Bomb kills 6, wounds 20 in Thailand

The explosive, planted on a motorcycle, was detonated as two suspected Muslim insurgents rode past a roadside restaurant; Thai king calls for unity.

south thailand 88 (photo credit: )
south thailand 88
(photo credit: )
A powerful bomb killed six people and injured twenty Tuesday in one of the deadliest attacks in recent months in Thailand's insurgency-plagued south, an army spokesman said. An explosive, planted in a motorcycle gas tank, was detonated as two suspected Muslim insurgents rode the motorcycle past a roadside restaurant, Army spokesman Col. Akara Thiprote said in a telephone interview. "We suspect that the bomb went off in front of the restaurant before they intended it to," Akara said, adding that the two were killed instantly. Two victims were restaurant workers and the other two were people standing outside the open-air restaurant.

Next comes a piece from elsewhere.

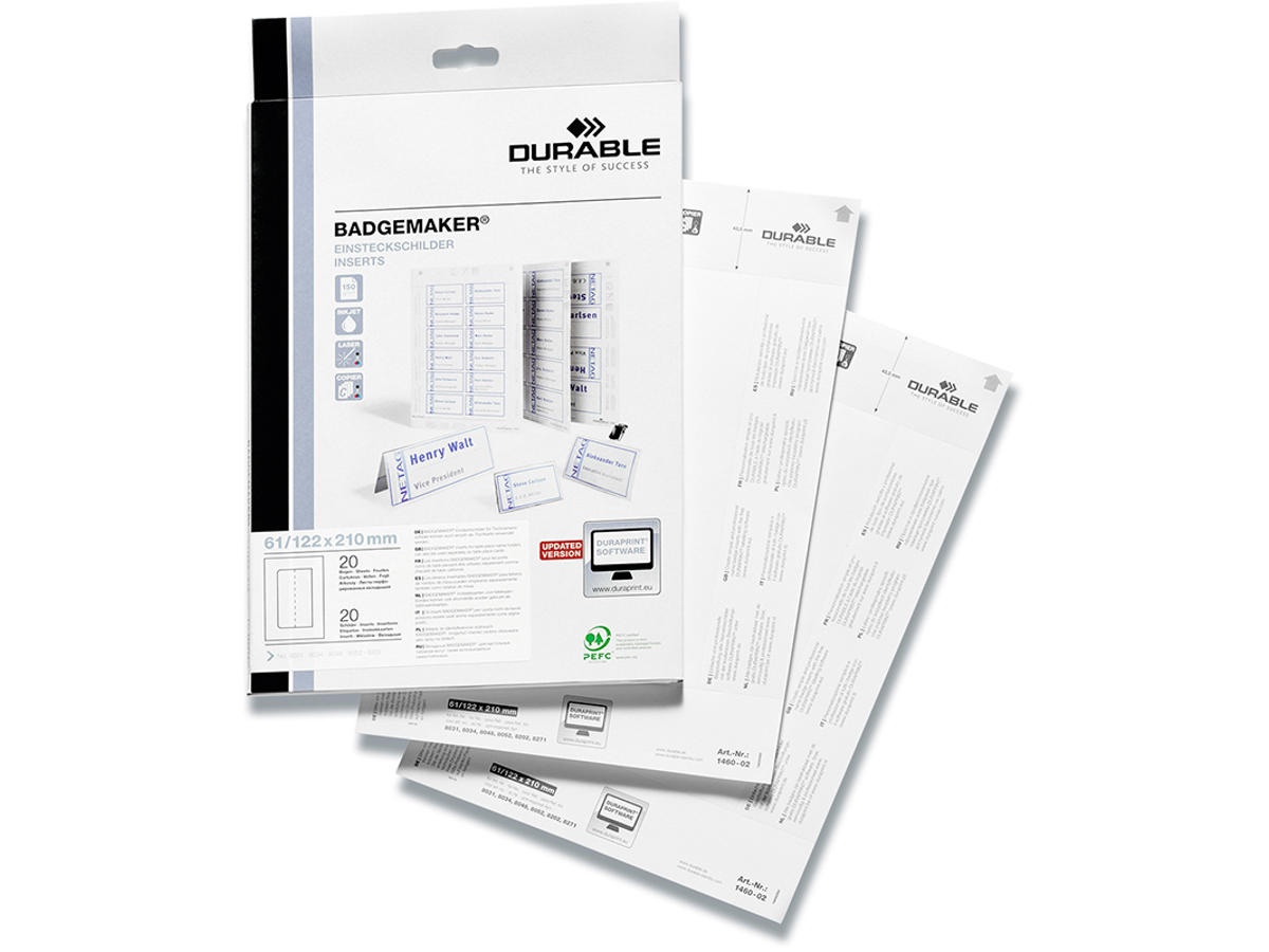 Hvide indstik til bordnavneskilte 61x210mm på 150 g A4 ark. Velegnet til udskrivning i laser, inkjet eller kopi. Lette og skille ad. Pakke med 20 ark giver 20 stk. navneetiketter. Design selv med gratis skabelon på - Klik her

The attacks came after a lull in years of violence in Thailand's southernmost provinces. More than 2,600 people have been killed in the Muslim-majority provinces of Yala, Pattani and Narathiwat, and the southern part of nearby Songkhla, since a long-simmering Islamic separatist insurgency flared up in January 2004. A recent lull in the large-scale violence is partly due to a targeted effort to round up major suspects, Akara said. Despite government efforts to suppress the rebels, they carry out drive-by killings and small-scale bombings almost daily, apparently in an effort to terrorize Buddhist residents into leaving the area. The attack came on the eve of the 80th birthday of Thailand's beloved monarch but there was no immediate link between the two events. Thailand's aging King Bhumibol Adulyadej pleaded for his people to be united to safeguard the nation in his annual birthday speech. He did not talk about the violent Islamic insurgency in the three southernmost provinces.